При дворе Николая II. Воспоминания наставника цесаревича Алексея. 1905-1918 - Пьер Жильяр
Шрифт:
Интервал:
Закладка:
Хотя в то время я был всего лишь одним из преподавателей великих княжон – это было зимой 1910 года, – Тютчева сама рассказала мне об этом споре и его последствиях.[10]
Должен признаться, что в то время я был далек от веры во все рассказы о Распутине.
В марте 1911 года враждебность к Распутину приобрела невероятные размеры, и «старец» счел за благо исчезнуть на какое-то время и дать буре успокоиться. Он отправился в паломничество в Иерусалим.
По возвращении в Санкт-Петербург осенью того же года он понял, что о нем вовсе не забыли, и ему пришлось отражать атаки со стороны бывшего покровителя епископа Гермогена, который грозил ему страшными карами и вырвал обещание держаться подальше от двора, поскольку само его присутствие компрометировало императора и императрицу.
Не успел он уйти от епископа, который в своем гневе поднял на него руку, как сразу же бросился к своей влиятельной покровительнице госпоже Вырубовой, близкой подруге царицы. В результате епископ был сослан в монастырь.
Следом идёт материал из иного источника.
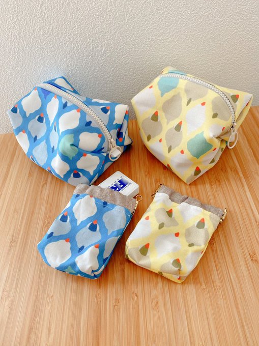 文鳥モロッカン柄のテキスタイルを使用し、文鳥チャームとスウェードで全体を引き締めたシュシュ、コロンとした大きめのポーチとばねポーチは、実は@kikucccchi さんの作品です🍀

Столь же тщетными оказались усилия архимандрита Феофана, который не мог простить себе, что в какой-то степени способствовал возвышению Распутина, ручаясь перед царем и царицей за его нравственность. Он, как мог, пытался теперь показать его истинное лицо, но эти усилия привели лишь к удалению самого Феофана от двора.
Распутин сумел выставить двух епископов низкими интриганами, которые якобы хотели использовать его как инструмент для достижения своих целей, а когда из этого ничего не вышло, попытались уничтожить его.
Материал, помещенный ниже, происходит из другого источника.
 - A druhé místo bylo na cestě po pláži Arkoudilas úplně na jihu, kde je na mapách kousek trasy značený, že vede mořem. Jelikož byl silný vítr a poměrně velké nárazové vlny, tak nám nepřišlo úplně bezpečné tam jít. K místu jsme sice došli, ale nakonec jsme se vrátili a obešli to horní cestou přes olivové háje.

«Простой сибирский крестьянин» стал серьезным противником, в котором полное отсутствие моральных принципов «удачно» сочеталось с необыкновенными способностями к интригам. Обладая собственными осведомителями, имея своих людей при дворе и в правительстве, при появлении нового врага он сразу же начинал хитроумно заманивать того в ловушку, вынуждая нанести первый удар.
Под видом предсказаний он сообщал, что скоро станет объектом нового нападения. При этом он был достаточно умен, чтобы прямо не называть своих врагов. Поэтому, когда наступал момент атаки, рука, наносящая удар, была уже не столь сильной и точной. «Старец» даже часто выступал в защиту тех, кто нападал на него, с показным смирением заявляя, что эти испытания необходимы для развития его души.
Был и еще один фактор, способствовавший тому, что царь и царица слепо верили ему до самого конца: они привыкли, что все, кого они удостаивали особым вниманием, оказывались в центре интриг и скандалов. Они знали, что одно их покровительство уже делало людей объектами зависти и злобы. В результате – они были убеждены, что их благосклонность к этому странному мужику непременно вызовет шквал ненависти и ревности и сделает его жертвой ужасных интриг.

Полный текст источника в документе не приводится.